Алексей отвел взгляд. Обшарил глазами стену и уткнулся взглядом в пастель: рыбацкие лодки, раскрашенные яркими полосами, отдыхают на песке, песок кристально белый, с матовыми пятнышками следов человеческих ног, с моря наползает розовый рассветный туман. Полный покоя и неги пейзаж вдруг так ярко и глубоко проник в сознание, что Алексей почувствовал даже запах моря, сырых сетей, просмоленного дерева, умытых росой зарослей магнолий и ощутил кожей прикосновение первых лучей летнего солнца, пробившихся сквозь молочно-розовую кисею тумана.

И тут же вспомнилось другое. Из пропахшей карболкой, никотиновой смолой, бомжами и шинелями жизни…

…За дверью глухо бухало, словно бревном по воротам, после каждого удара сквозь щели прорывался утробный вой, время от времени слышался свистящий, надсадный сип надорвавшегося человека.

Алексей стиснул зубы, постарался не обращать внимания и идти своей дорогой, но ноги сами прилипли к протертому ковру. Он вдруг понял, что еще шаг — и станет фатально другим, тем, кем запретил себе становиться, едва получил корочки опера.

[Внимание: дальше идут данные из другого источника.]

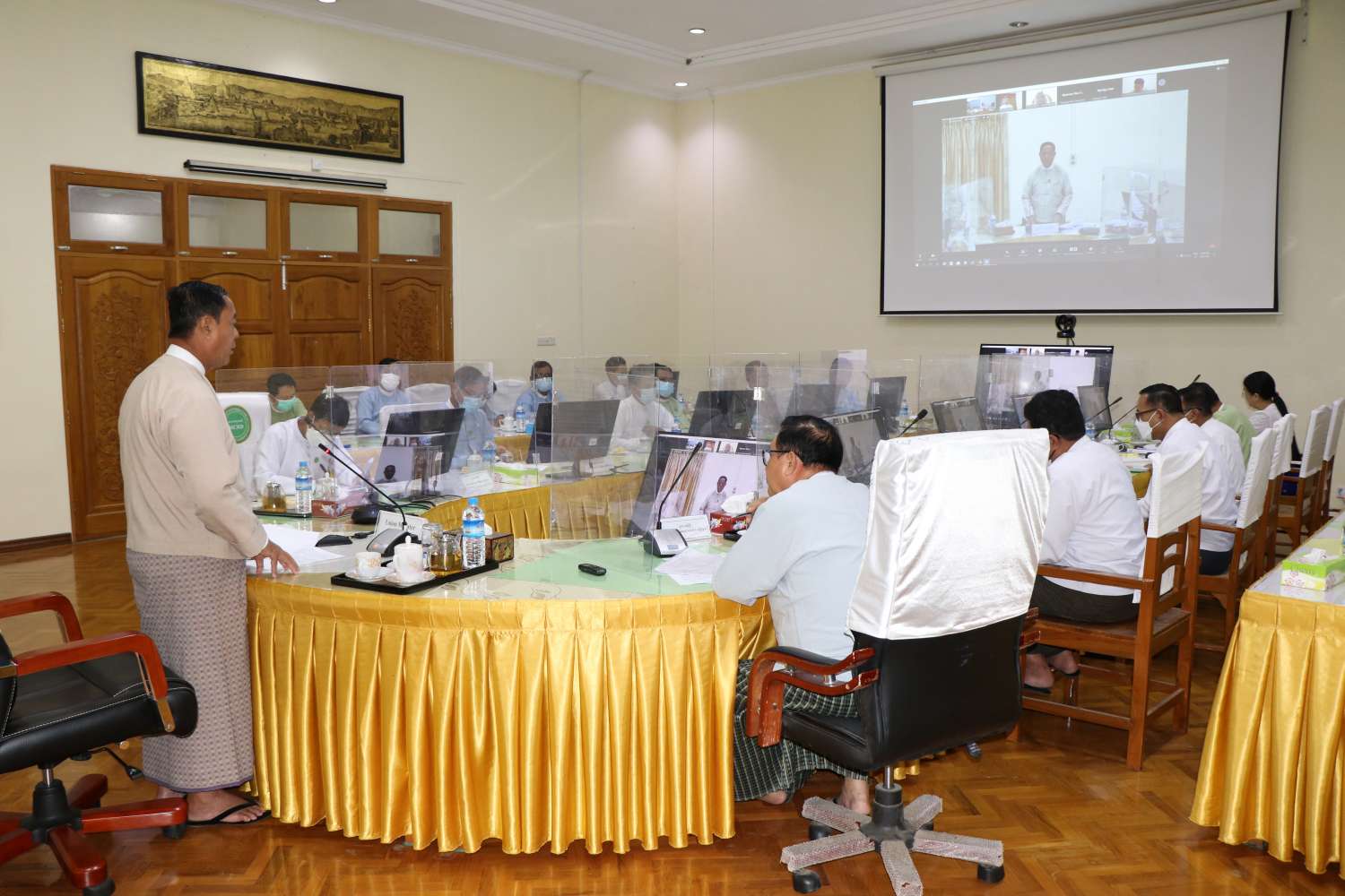 ယူရီးယားမြေဩဇာ ဝယ်ယူဖြန့်ဖြူးရောင်းချရေးဦးဆောင်ကော်မတီ ညှိနှိုင်းအစည်းအဝေးကို ယနေ့နံနက်ပိုင်းက ရုံးအမှတ် (၁၆) သမဝါယမနှင့် ကျေးလက်ဖွံ့ဖြိုးရေးဝန်ကြီးဌာန၊ အစည်းအဝေးခန်းမ၌ Online စနစ်ဖြင့် ကျင်းပသည်။
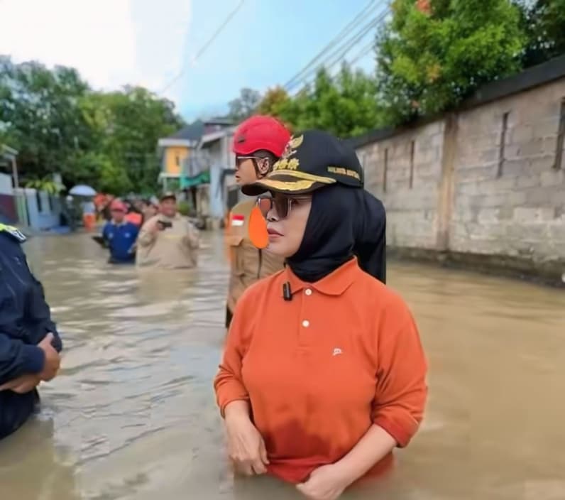Wali Kota Bontang Neni Moerniaeni saat meninjau banjir. (Instagram @jejakbundaneni)
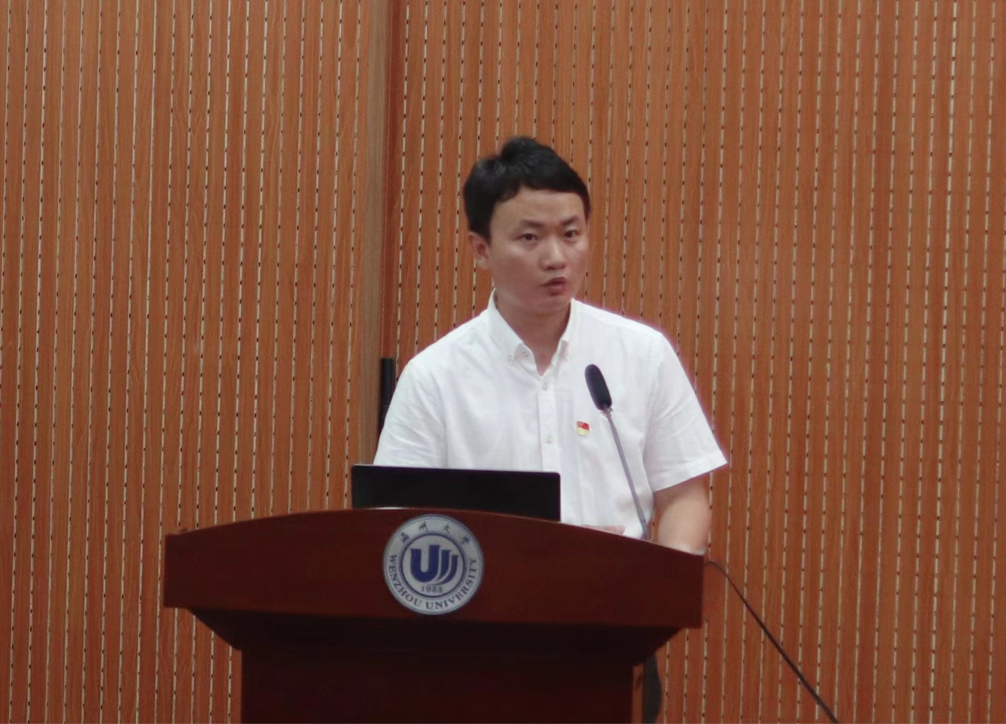接下来由三位学生代表依次发言。首先,21学科教学(语文)专业的研究生章溢琦作为优秀党员代表发言,作为青年党员,要强理论、筑信念;争创新、勇追梦;践初心、担责任;当先锋、争先行;学用结合、勇于担当,努力为学院的党建工作做出贡献。

Он пнул дверь. Слава богу, оказалась не запертой, иначе снес бы замок к черту.

Картина соответствовала звуковому сопровождению: задержанный на полу, словно скрюченный приступом аппендицита, с белым, забрызганным испариной и кровью лицом, расхристанный опер в состоянии крайнего ража и служебного рвения над ним, нога занесена для удара. Гулкий звук мог исходить при судорожных соприкосновениях патлатой головы парня с боковиной стола. О происхождении других тоже догадаться труда не составляло: зверем выл хозяин головы, сопел, словно бревна таскал, хозяин кабинета.

— Твою мать, Жека! Совсем охренел? — выдохнул Леша.

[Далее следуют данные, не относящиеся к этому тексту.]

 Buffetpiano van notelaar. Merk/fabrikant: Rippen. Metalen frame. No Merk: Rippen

Женя Любимов, опер ОБНОНа,[9] удивленно оглянулся.

— А, это ты. — Женя утер трудовой пот с лица. — Какие проблемы?

Он не видел ничего странного в катании ногами по полу живого человека. И Леша, по его понятиям, ничего против иметь не должен.

— Мудак, даже на улице слышно! — зло процедил Алексей.

— Понял, не дурак.

С таким аргументом Женя не мог не согласиться. Длинно выдохнул, кивнул и опустился задом на угол стола.

Подследственный, молодой парень в кожаных штанах, стоптанных казаках и порванной на спине черной рубашке, замер в позе эмбриона, закрыв голову руками. На пальце правой кисти серебром светился перстень в виде разлапистого листка анаши.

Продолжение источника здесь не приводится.